COLLECTED DATA:
======

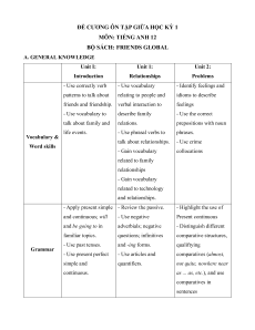Đề cương ôn tập Giữa kì 1 Tiếng Anh 12 Friends Plus
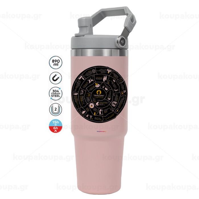 Προχίστορας, ΡΟΖ χρώματος Θερμός Ανοξείδωτο 890ml (30oz) με χερούλι
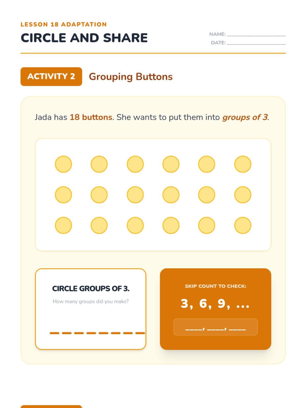 Revised Lesson 18 adaptation with enforced page breaks, improved layout for the matching activity to prevent confusion, and widened skip-count areas for better handwriting space.

======

Only the lines from the one containing "Προχίστορας, ΡΟΖ χρώματος" through the end of the listing above should be reproduced, exactly as they stand. Leave the pictures out.

RESPONSE TO THE TASK:
 Προχίστορας, ΡΟΖ χρώματος Θερμός Ανοξείδωτο 890ml (30oz) με χερούλι
 Revised Lesson 18 adaptation with enforced page breaks, improved layout for the matching activity to prevent confusion, and widened skip-count areas for better handwriting space.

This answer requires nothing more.